Sneakers is a 1992 caper film directed by Phil Alden Robinson, written by Robinson, Walter F. Parkes, and Lawrence Lasker and starring Robert Redford, Dan Aykroyd, Ben Kingsley, Mary McDonnell, River Phoenix, Sidney Poitier and David Strathairn. It was filmed in late 1991 and released in 1992.
Once Robert Redford was attached to the picture, his name was used to recruit other members of the cast and crew, including the director Robinson, who had little initial interest in the project but had always wanted to work with Redford.
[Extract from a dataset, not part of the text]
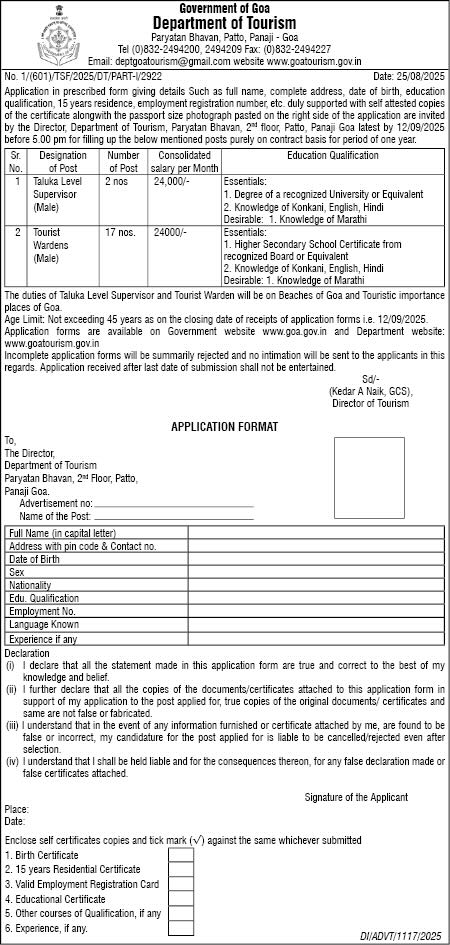 Home News Tourism dept invites applications for 19 contractual posts NewsUncategorized Tourism dept invites applications for 19 contractual posts By Digital Goa - August 26, 2025

At one point during the project, Robinson received a visit from men claiming to be representatives of the Office of Naval Intelligence, who indicated that for reasons of national security, the film could not include any references to “a hand-held device that can decode codes”. Robinson was highly concerned, as such a device was a key to the film’s plot, but after consulting with a lawyer from the film studio he realized that the “visit” had been a prank instigated by a member of the cast, possibly Aykroyd or Redford.
The story of Sneakers, the movie and Len Adleman the mathematician is as follows:
Larry Lasker was one of the writers of the 1983 hit movie War Games. Based on that success, he started to produce his own movies. While looking for a new project, he called me at USC and we arranged to meet.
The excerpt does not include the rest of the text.